Central bank introduces coin deposit machines
MANILA, Philippines — Introducing the automated coin deposit machine (CoDMs), the latest of the government’s stratagems to promote the re-circulation of coins and persuade Filipinos to use the low-value currency in their daily transactions.
In partnership with business groups with large networks of retail establishments such as the SM, Robinsons, and Filinvest groups, the Bangko Sentral ng Pilipinas (BSP) is working on the deployment of an initial batch of 25 CoDMs in select sites across the Greater Manila Area and nearby provinces.
The hope is that Filipinos would feed the CoDMs with coins in exchange for shopping credits instead of keeping the coins in piggy banks.
The automated CoDMs are intended to enable customers to conveniently deposit coins and redeem their accumulated value from partner retail establishments through shopping vouchers or rewards card points.
Customers may also opt to directly credit the amount to their participating bank accounts or electronic wallets.
For the coins collected through the CoDMs, the ones deemed fit for circulation will be returned into circulation when partner retailers use them as change for over-the-counter payments.

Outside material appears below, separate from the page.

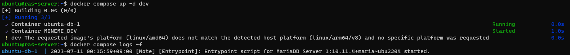 서버에 ssh 로 접속해 방금 push 한 이미지를 pull 받은 후 docker compose up 을 실행합니다.

Unfit coins, on the other hand, will be removed from circulation and subsequently retired by the BSP.
A coin is considered unfit for circulation when it is bent, or twisted out of shape, or defaced, or showing signs of corrosion, or has been considerably reduced in weight.
“There is a problem when it comes to recirculating coins—some people hoard or collect them while some people leave them behind altogether, leading to an artificial coin shortage,” BSP Governor Felipe Medalla said in a statement. “This defeats their intended purpose as a medium of exchange.”
Also, the BSP observed that coins are kept inside bank vaults, in piggy banks, inside drawers, used as washers, or thrown away as an inconvenience.
Aside from causing perceived shortages, the inefficient re-circulation of coins could also force the BSP to produce more coins, translating to significant costs.
The BSP data show that there were 50 pieces of coins for every Filipino in 2005. This increased by almost seven times to 342 pieces of coins as of June 2022.
Over the past 17 years, the BSP had to increase coin production to meet growing demand, especially in the retail sector where coins are used for change.